Maddie Leach: Signs and Wonders Shall Appear
7 - 10 October 2010
curated by Chuck Thurow and Bruce E. Phillips
A continuation of the 2010 Art Center exhibition Close Encounters, the Hyde Park Art Center presents Signs and wonders shall appear, a new project by Maddie Leach, celebrating National Apple Month. The New Zealand artist will conclude a yearlong commissioned work focused on the apple trees of the Beaver Archipelago – a small group of islands in northern Lake Michigan. Leach shares her discovery of the island’s unique attributes by way of a specific transaction and call to interested persons. A large painted sign on the Art Center’s garage door facade will announce the arrival of apples from the island and direct passersby to a site where they can receive them. Leach explains her motivation for the project: “I was interested to discover what might be made, or produced, on Beaver Island that could be considered rare, out of reach or covetable; what might elicit or contain particular conceptual qualities of ‘the island’ or of ‘islandness’? And in turn, what could be transported, delivered to, or exchanged with Chicago – and what might these communities have exchanged in the past?” The remote Beaver Archipelago has about 600 year-round inhabitants and a peculiar abundance of apple trees that form part of the legacy of the religious communities who retreated there in the 19th and 20th centuries.

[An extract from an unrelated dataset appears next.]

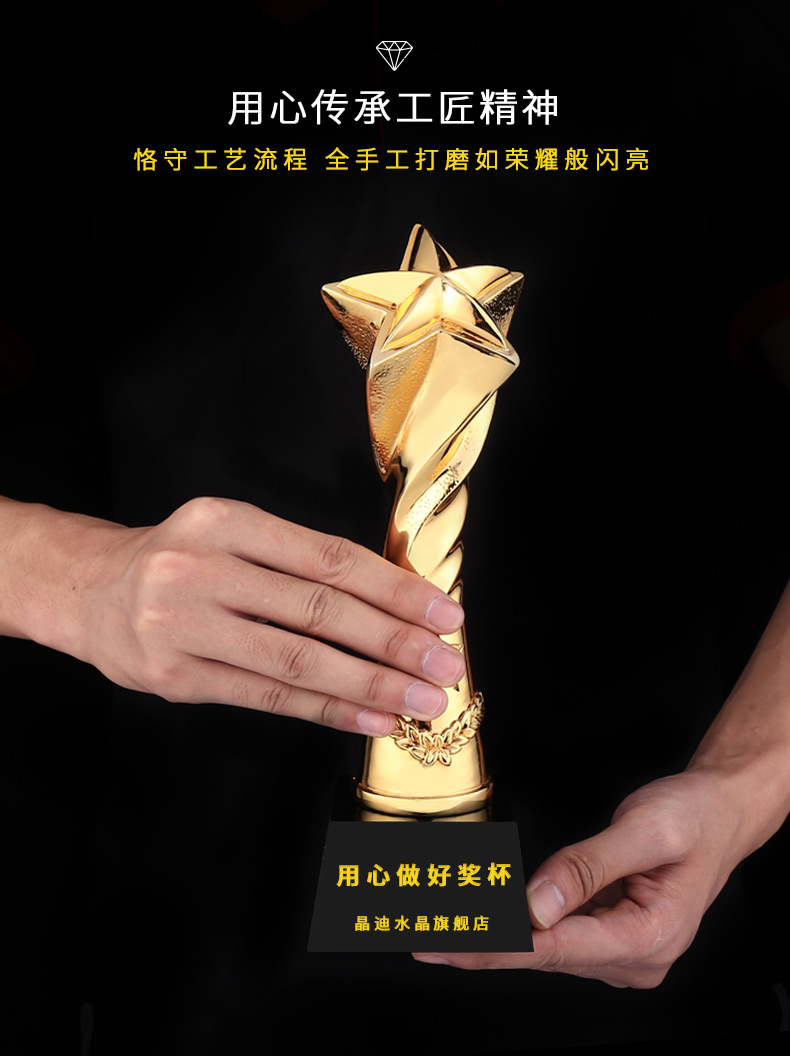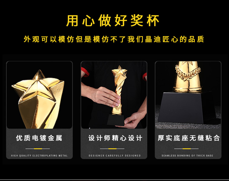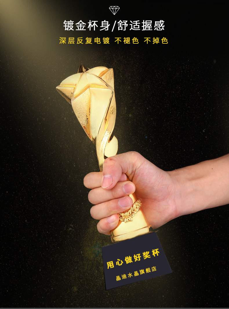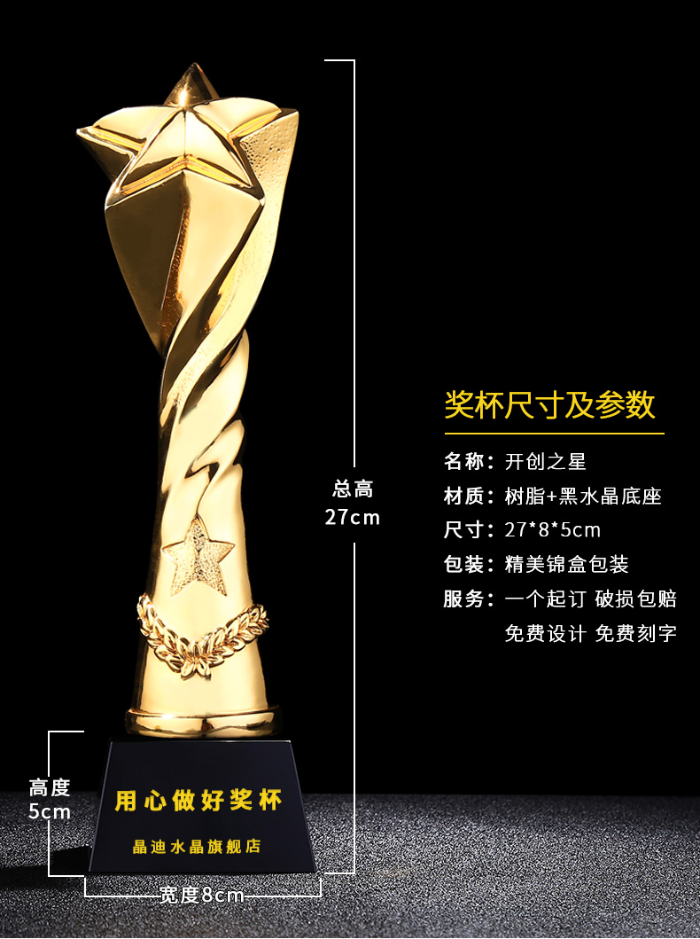 开创之星 镀金奖杯 创意奖杯专业定制 企业员工颁奖礼品订制

In her work Leach often relies on the viewer becoming a participant in order to complete the piece. She primarily creates site-responsive, long-term projects that are conceptually driven and investigate new thinking on art, sociality and place-based art practice. Leach’s earlier work such as The Ice Rink and The Lilac Ship (2002-04) and Take Me Down To Your Dance Floor (2004) involved installing a functioning ice rink and a dance floor in public art galleries. Close Encounters is an experimental commissioning project initiated by the Hyde Park Art Center and curated by Chuck Thurow and Bruce E. Phillips. It provided eight leading New Zealand and U.S. artists with a series of shared experiences related to the nature of community in a variety of Chicago settings in May 2008. Part I featured works by Daniel du Bern (NZ), Tania Bruguera (US), Juan Angel Chávez (US), Walter Hood (US), Truman Lowe (US), and Wayne Youle (NZ) exhibited at the Hyde Park Art Center from November 2009 until January 2010. The last commission in the series will be a major video work by Lisa Reihana (NZ) in 2011.